I understand the market pressures that drive this kind of development. First-to-market is very important. Scale-out web services in the cloud hide a lot of inefficiencies in code. If the service starts bogging down when a million customers come online, just spin up a few more servers and the problem is solved, right?
It is often only when their bills for cloud services (or the electric bill if they host their own hardware) starts reaching astronomical heights that many companies start really paying attention to code efficiency. When the mounting effects of slow code, bloated software, and inefficient data storage methods start hitting the bean counters in the pocketbooks; management finally (and often reluctantly) starts to focus on optimizing them.
In spite of all the amazing advancements in computer hardware, data can always outgrow the capacity to handle it. It is simply much easier to generate and store more and more data than it is to double or triple the hardware capacity. Even when some hardware can be upgraded easily and cheaply, there may still be bottlenecks that can bog things down.
One area where this is most noticeable is with hard disk drives. Drives now have capacities that are about 1000 times bigger than they were just 20 years ago. But they are only about 5-10 times faster at reading and writing the data. That means it can take over 100 times as long to fill up (or restore from backup) a full drive today as it did in the recent past. SSDs are much faster than hard drives, but they are still much more expensive for storing large amounts of data.
Databases now have tables with hundreds of millions of rows. CPUs sometimes have to process billions of data points to generate a single report. Users often have to search through tens of millions of files to find the one they misplaced.
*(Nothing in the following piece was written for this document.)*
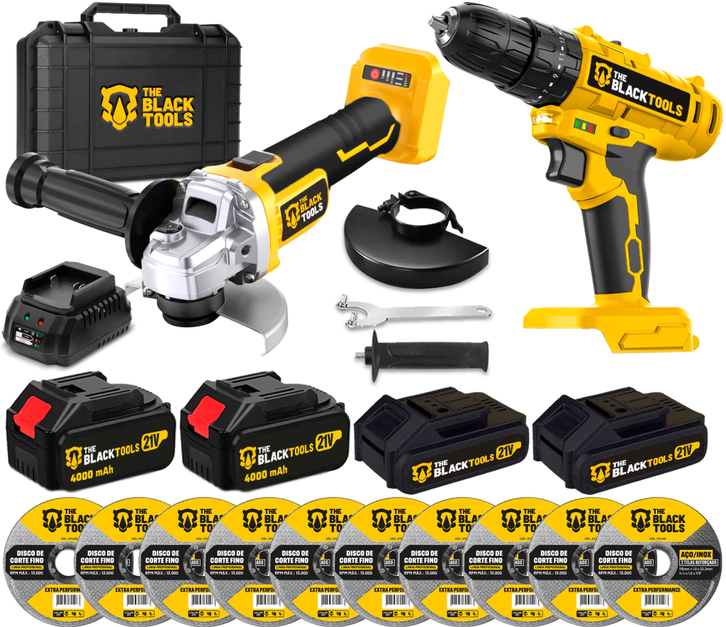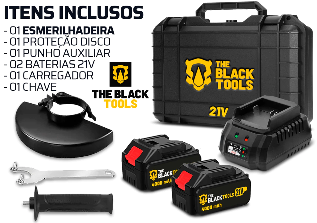 ESMERILHADEIRA ANGULAR BIVOLT 02 BATERIAS 21V - TCA21BT - The Black Tools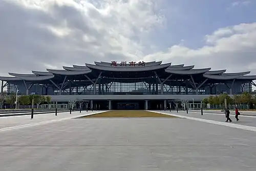 Huizhounan railway station (Chinese: 惠州南站; pinyin: Huìzhōu Nán zhàn) is a high-speed railway station located in Sandong Town, Huicheng, Huizhou City, Guangdong Province, China. It was officially opened on September 26, 2023.[1]

With the ever growing volume of data, there is a great need for better and more efficient ways of managing it all.
Whenever I talk about efficiency in data management, I often refer to Einstein’s famous equation… E = mc2. This equation describes the relationship between matter and energy. When an atomic bomb explodes, an enormous amount of energy is released even though only a small amount of fissionable material is converted within the bomb. This is because the ‘c’ in the equation is a really big number (the speed of light) and it is squared. Even a small increase in the amount of matter being destroyed will result in a big difference in the amount of energy released.
The same concept applies to the storage and processing of data. If time, energy or storage space is multiplied by some really big numbers then the effect can be tremendous. Code is often written and tested with smaller numbers in mind, but data can grow to billions or even trillions of individual pieces.
For example, if you have an inefficient function that takes just one millisecond more than it should, you might not even notice if it is called for a few thousand data points. But if this same function is applied against a billion data points that inefficiency can result in an extra 1 million seconds (1 billion x .001 second). If you don’t have your calculator handy…that is over 277 hours or about 11.5 days. Likewise, 10 wasted bytes in a data record may not seem like much if you only have 100,000 records (barely a MB). But if you have to store 100 billion records, that wasted space amounts to a whole TB of storage.
Many of the software architectures used to manage data (file systems, databases, etc.) were created decades ago when data sets were significantly smaller than today. Some new architectures have emerged for sure, but too many of the old systems are still in use today.
My passion is in trying to find new and innovate ways to store and manage large amounts of data. I will use this newsletter to discuss my insights into this area.